HEART aims at providing clinical and non-clinical evidence on how specific Blue-Green solutions can improve public health and well-being. Some participants will follow the recommendations and visit green areas (or blue) or follow green routes and trajectories. The evidence and quantitative information of the possible improvement in their health will be received through wearable devices only, visiting their doctor (only), or even in both ways – so, we will have participants in clinical studies that have also a wearable device.
Furthermore, there are people who do not follow any recommendations and others who do not visit green spaces but gray areas. All these data among with additional environmental data plus socioeconomic data are gathered under the HEART umbrella. The evidence on the assessment of BG solutions for public health is based on the indicators that we have set up in WP2 as well as the statistical analysis and the advanced ML algorithms in WP4. These evident and quantifying examples on how we can improve our health in urban environments is a basis to set up a methodology –general enough and robust to be extrapolated in different urban areas
MAPPING THE COMMUNITY
Concerning the Stakeholders and communities’ engagement, some major aspects were achieved in mapping and analyzing:
· The key stakeholder groups and their role identified both projects
partners and demo site
· Initial identification of the existing BGS assets and the promising routes to the adoption of the new ones to fill the gaps BGS by the systematic involvement of multiple stakeholders
· Initialisation of diversification for spatial specific grouping or innovative, community engagement methodology, recommended for participatory planning, co-design of the new BGS
· Demonstrations sites customized to living labs a concept to be further exploited and defined
Within this process, the main purpose of the user’s selection methodology is to outline the criteria of the enrolment of participants in discrete study groups, according to their health status and the degree of their planned exploitation of a BGS. Furthermore, the methodology presents the rationale of randomization and prioritization of the diseases and the disease features for each clinical group.
To achieve this, experts must agree on the definition of the diseases, where the definition of a “healthy” participant is a priority. The so-called “healthy” for a specific disease or group of diseases is acceptable to present another disease, preferably not of the rest three study groups.

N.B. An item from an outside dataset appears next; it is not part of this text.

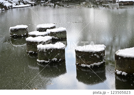 西神苑と中神苑を繫ぐ小川の積雪(平安神宮)

The definition of “disease” for every one of the four disease groups is a medical diagnosis for the specific disease, with or without administration of a regular pharmaceutical regimen (i.e., a diabetic may be regulated by diet, etc).
ENVIRONMENT & DISEASES
HEART should Influence the way cities to perceive the use of public green areas, and BGS regeneration creates conditions for:
1. Citizens health improvements
2. Citizens Well Being improvements
3. Improved socializing
4. Economy enhancement
HEART project duties are:
To create robust proof that cities will benefit from bg regeneration; assist cities to design and construct bg regeneration; propose to cities introduction of specific actions and city running protocols designed to stimulate the activation of these categories.
Therefore, the HEART team is to identify the factors that have an impact on PH and WB, as well as environmental-related factors (Air quality and Atmospheric conditions, Transport and mobility, land use management, the role of physical activity) and factors related to each group of diseases.
And, they must apply systematic research of environmental indicators and tools/methods for their measurement, create a preliminary list of indicators, tools/methods. To define 5 challenge groups: Air quality, Climate resilience, Water quality & quantity, Biodiversity, and Urban liveability, and get consensus with City Partners to prioritize and select the best indicators and tools for each site.
All of these are prerequisites for the HEART experts’ team to prove that the individual measurements and responses are the results of a particular NBS, or group of NBS that the individuals were exposed to.